The long-acting local anesthetics ropivacaine and levobupivacaine were developed as alternatives to the racemic bupivacaine but with a greater margin of safety due to their lesser toxic potentials [9].

A study by De Leeuw, et al. was done in 2008 to compare postoperative analgesic efficacy and the degree of sensory and motor blockade of levobupivacaine, ropivacaine, and bupivacaine to 45 patients who were given combined psoas compartment-sciatic nerve block (PCSN) for total hip arthroplasty. Motor impairment was significantly more evident in the bupivacaine group compared to that of both ropivacaine and levobupivacaine groups at 12 ( p = 0.012 ) and 48 hours ( p = 0.003 ). Levobupivacaine, bupivacaine and ropivacaine are equally effective for PCSNB in patients undergoing total hip arthroplasty. This study concluded that in terms of clinical efficacy, there were no major differences seen among the three local anesthetic agents probably due to the similarities in their chemical structures. Levobupivacaine is the S(-) enantiomer of bupivacaine and ropivacaine is a S(-) enantiomer of a propyl analog of bupivacaine [10].

Methodology

Study design and setting

This was a retrospective, analytical, observational, cohort type of an epidemiological study conducted at Makati Medical Center from October 2021 to June 2022 [11].

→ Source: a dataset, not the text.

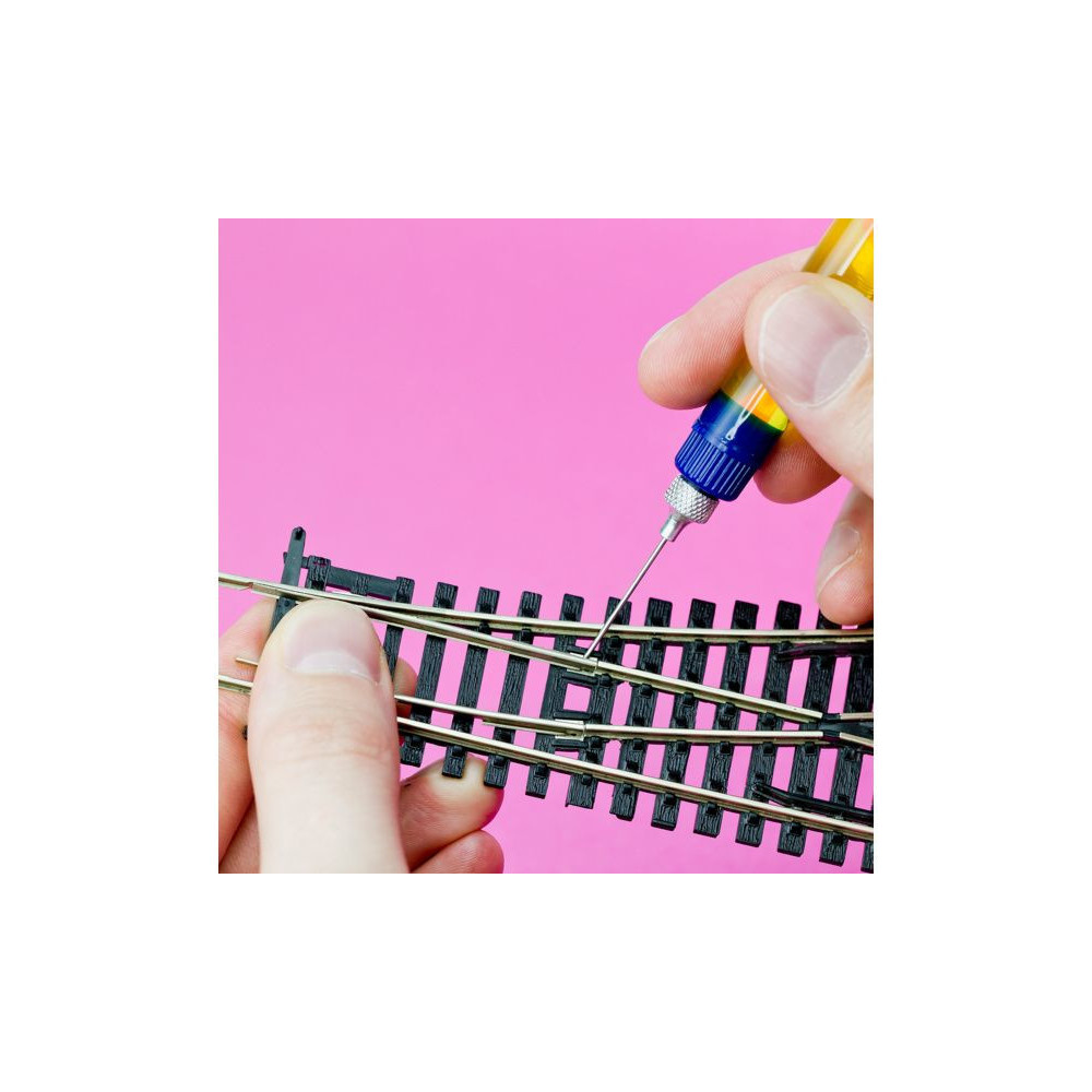 A Modelcraft 7,5 ml-es precíziós olajozója pontosan oda juttatja az olajat, ahová kell, a legnagyobb pontossággal. Ideális a műszerek finom mechanikájának kenésére, modellezők, hobbisták és profik számára egyaránt. Tartalmazza a 7,5 cm3 olajat, az adagoló fedelét. Hossza 135mm, átmérője 15mm.

Operational definitions and procedures

Operational definitions:

1. Pain- Refers to an unpleasant sensory and emotional experience associated with actual or potential tissue damage, or described in terms of such damage [12].

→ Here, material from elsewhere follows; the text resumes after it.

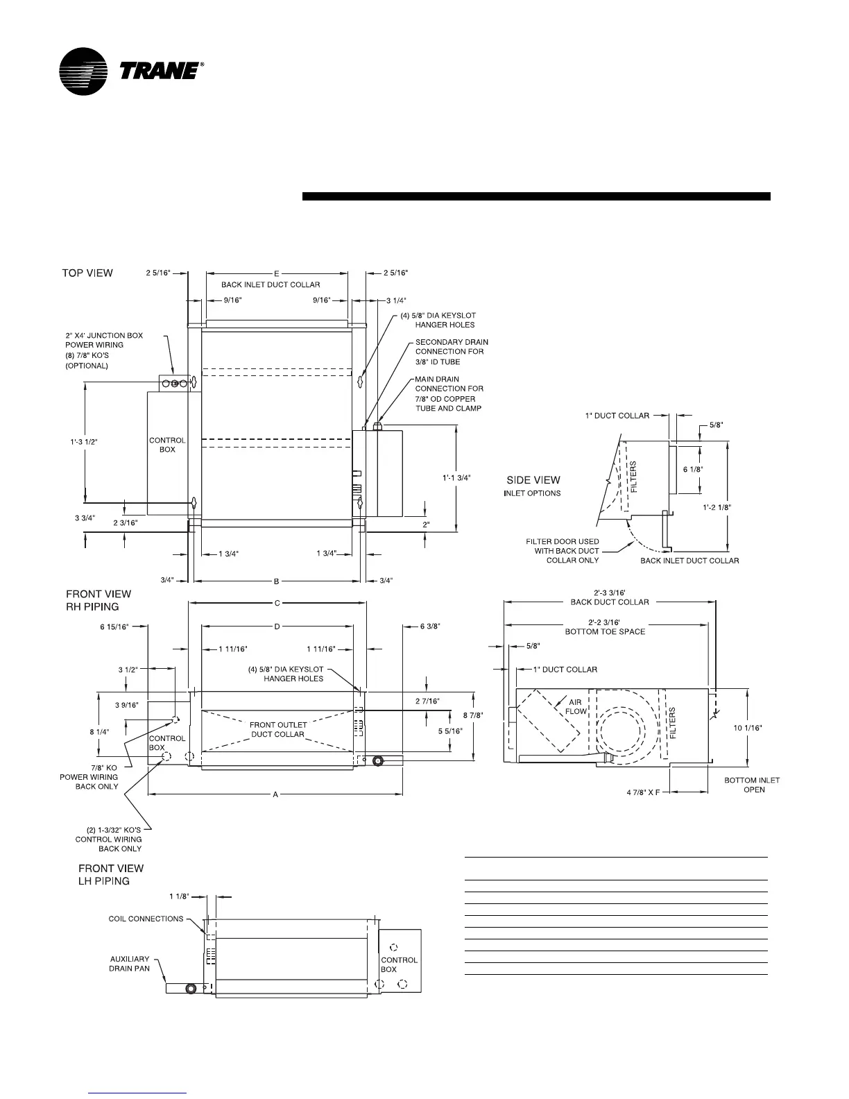 Horizontal Concealed Unit Dimensions, in-lbs.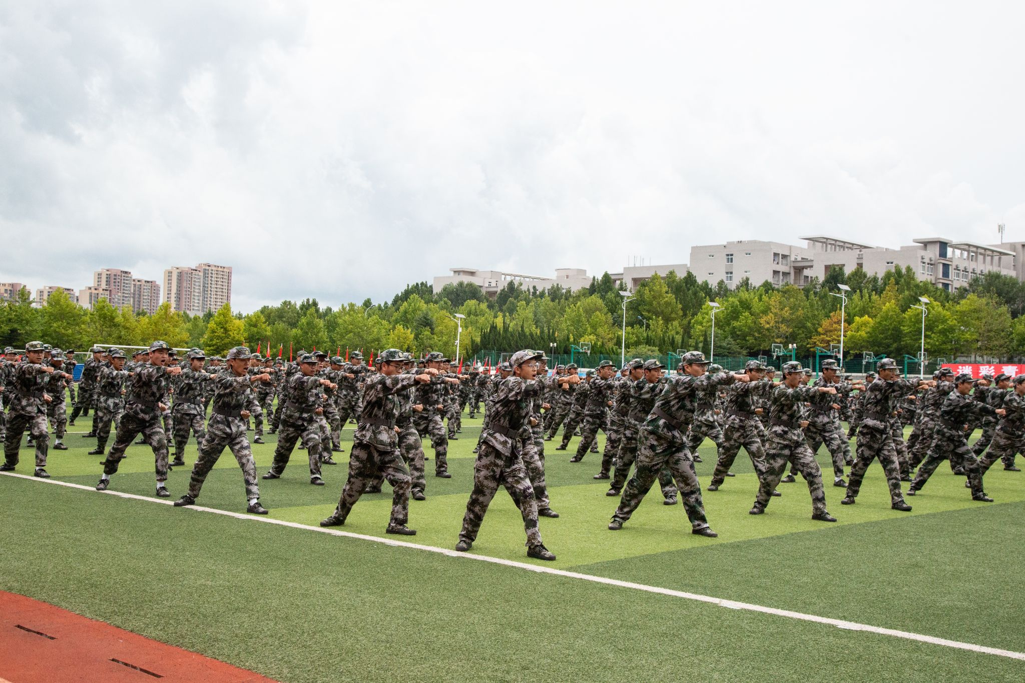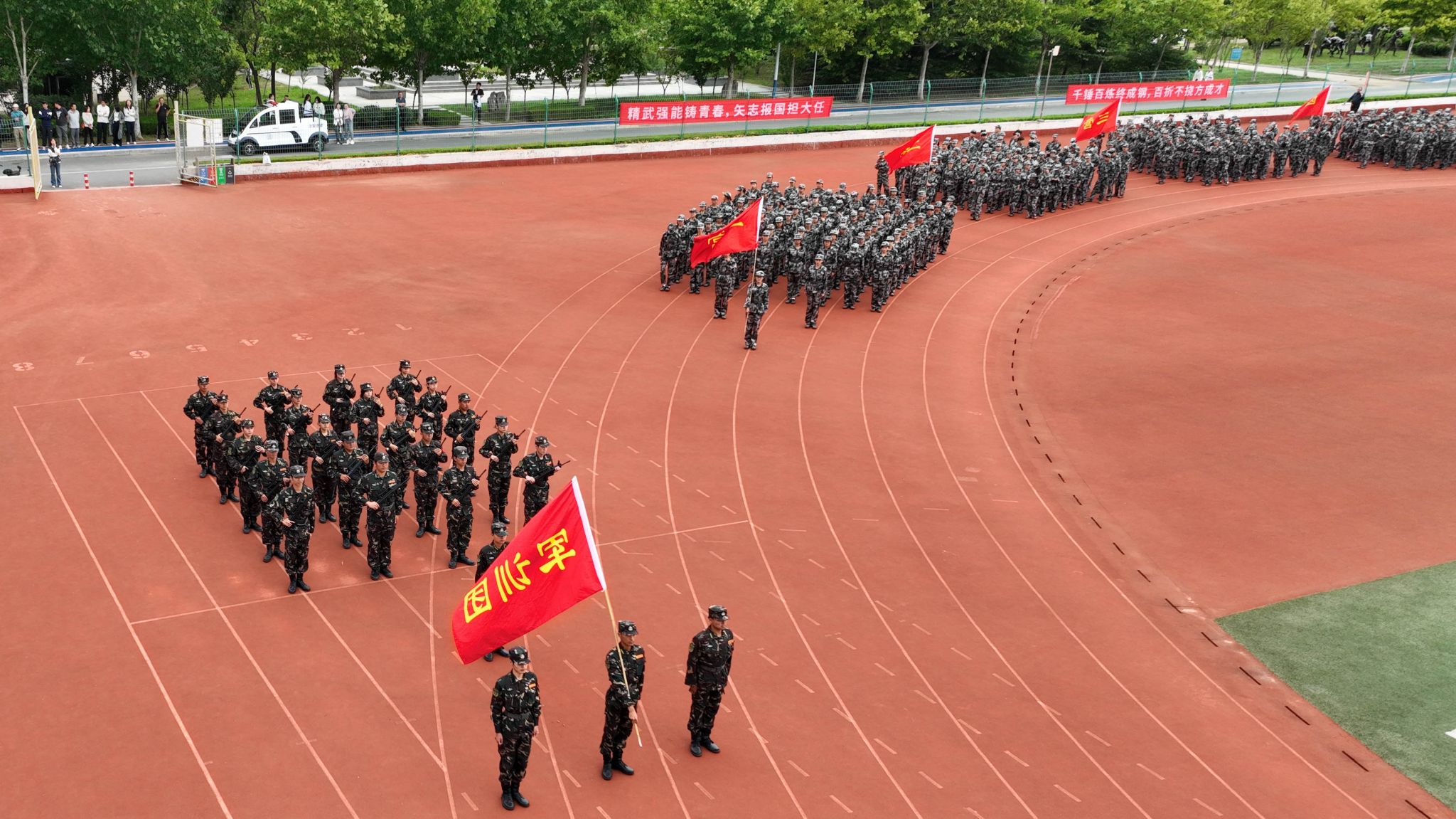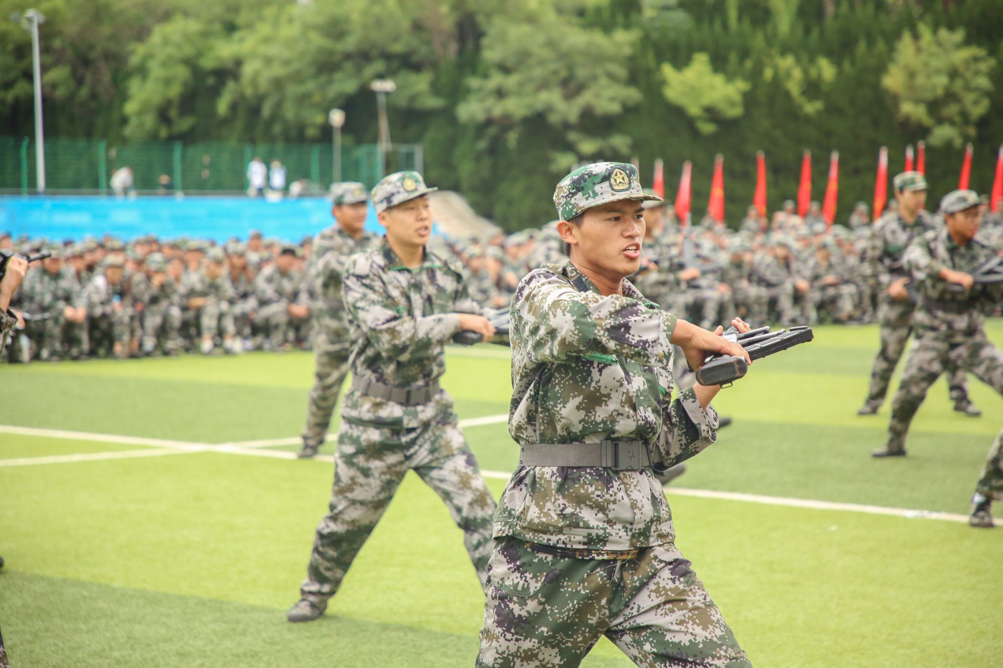 国歌奏响,红旗飘扬,全体师生肃立行注目礼,大会在雄壮的国歌声中拉开序幕。2025级新生军训团军事技能汇报随之开始,8个方队依次通过主席台,展现了商务学子的蓬勃朝气和昂扬锐气。在特色展示环节中,3个方队依次进行军体拳、匕首操、刺杀操等成果展示。整齐标准的动作、振奋昂扬的面貌、青春活力的姿态,赢得了师生的阵阵掌声。

2. Anesthesia- Refers to the complete or partial loss of sensation, with or without loss of consciousness, as a result of disease, injury, or administration of an anesthetic agent, usually by injection or inhalation [13].

3. Analgesia- Refers to absence of pain in response to stimulation which would normally be painful [12].

4. Opioid- A term that has been used mainly to designate substances that are not derived from opium, and in particular opioid peptides, such as natural substances that bind to opioid receptors and mimic the effect of morphine-like compounds [14].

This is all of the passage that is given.